In a UTF-8 encoded file, BOM occupies three bytes in the file header to indicate that the file belongs to UTF-8 encoding. Currently, many software programs have recognized the bom header, but some cannot recognize the bom header, for example, PHP cannot recognize the bom header. This means that after UTF-8 encoding is edited in Notepad, PHP automatically adds the bom header when downloading files. First, you need to understand what is the bom header? When you save a text file in UTF-8 format with a program such as Notepad in Windows, notepad will add a few invisible characters (ef bb bf) before the file header ), is the so-called BOM (Byte order Mark ).
In a UTF-8 encoded file, BOM occupies three bytes in the file header to indicate that the file belongs to UTF-8 encoding. Currently, many software programs have recognized the bom header, but some cannot recognize the bom header, for example, PHP cannot recognize the bom header, which is also the cause of an error after UTF-8 encoding is edited in Notepad.
It is not limited to files stored in Notepad, as long as the file's opening contains several invisible characters of ef bb bf (the hexadecimal format should be xEFxBBxBF, which can be seen by binary editing files ). This is like a convention, and when the system sees it, it will feel that your file is UTF-8-encoded.
If your interface is UTF-8, you need to force download a file, such as csv. excel considers csv as GB encoded by default (in Chinese), so if the rice has a bom header, the file you present to the user may be garbled.

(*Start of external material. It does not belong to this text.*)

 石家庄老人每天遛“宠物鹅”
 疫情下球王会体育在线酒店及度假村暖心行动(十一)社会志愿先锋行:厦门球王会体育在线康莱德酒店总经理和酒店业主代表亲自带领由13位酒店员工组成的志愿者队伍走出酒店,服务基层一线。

How can I add a bom header?
Add the bom header before the output file:
The code is as follows:
// File name $ filename = "www.bitsCN.com. csv "; header ('expires :'. gmdate ('d, d m y h: I: S', $ _ SERVER ['request _ time'] + 10 ). 'gmt'); header ('cache-Control: max-age = 10'); // header ('content-Type: application/vnd. ms-excel; charset = utf-8 '); header ('content-Type: text/csv; charset = utf-8'); header ("Content-Disposition: attachment; filename = {$ filename} "); // if a message is displayed in the result, change the first line of output to the prompt text $ out =" xEFxBBxBF "; // add On the bom header, the system automatically defaults to the UTF-8 encoding if (! Empty ($ extra ['notice']) {$ out. = "{$ extra ['notice']} rn";} // output foreach ($ table as $ row) {$ out. = implode (",", $ row ). "rn";}/* if (mb_detect_encoding () ($ out) = 'utf-8') {$ out = iconv ("UTF-8 // IGNORE ", "GBK", $ out);} */echo $ out;
The following describes how to remove the BOM header.
To remove the bom header, there are two simple methods:
1. how to remove the BOM header from editplus
After the editor is adjusted to the UTF8 encoding format, a hidden character (BOM) is added before the saved file, which is used by the editor to identify whether the file is UTF-8 encoded.

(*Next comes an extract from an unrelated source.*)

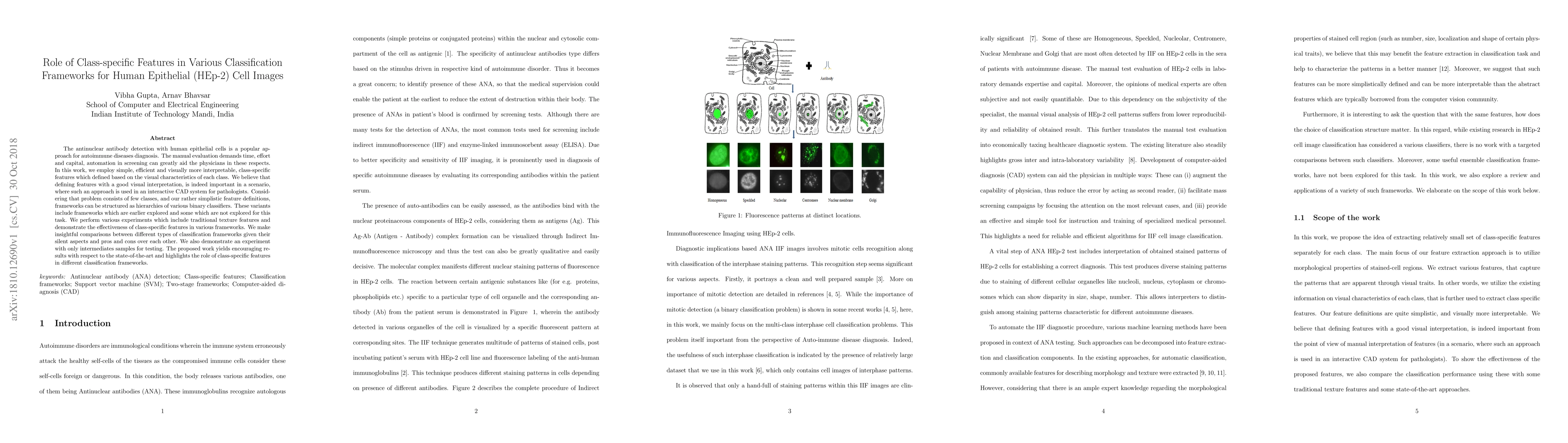 The antinuclear antibody detection with human epithelial cells is a popular approach for autoimmune diseases diagnosis. The manual evaluation demands time, effort and capital, and automation in screening can greatly aid the physicians in these respects. In this work, we employ simple, efficient and visually more interpretable, class-specific features which defined based on the visual characteristics of each class. We believe that defining features with a good visual interpretation, is indeed important in a scenario, where such an approach is used in an interactive CAD system for pathologists. Considering that problem consists of few classes, and our rather simplistic feature definitions, frameworks can be structured as hierarchies of various binary classifiers. These variants include frameworks which are earlier explored and some which are not explored for this task. We perform various experiments which include traditional texture features and demonstrate the effectiveness of class-specific features in various frameworks. We make insightful comparisons between different types of classification frameworks given their silent aspects and pros and cons over each other. We also demonstrate an experiment with only intermediates samples for testing. The proposed work yields encouraging results with respect to the state-of-the-art and highlights the role of class-specific features in different classification frameworks.

Run Editplus, click the tool, select preference, select the file, select the UTF-8 ID always delete the signature, and then the php file after editing and saving the php file is without BOM.
2. how to remove the bom header from ultraedit
After opening the file, select the encoding format of the save as option (UTF-8 without bom header). OK.
How about removing the bom header?
Let's talk about the BOM information of utf8.
BOM refers to the PHP file storage method for the UTF-8 with BOM, the common page of Chinese garbled mode is generally not caused by this reason.
header("Content-type: text/html; charset=utf-8");
This statement controls the html output page encoding method, BOM only in WINDOWS using "notepad" storage for UTF-8 will have, this can be used WINHEX to delete the beginning of the 2 bytes.
You can set whether to include BOM in the code settings in dreamweaver. generally, BOM will not cause problems as long as the output of php is not an image (GDI Stream.
If there are additional characters at the beginning of the GDI Stream, it will be displayed as a Red Cross.
The above content introduces how to automatically add and explain the bom header and remove it when downloading PHP files.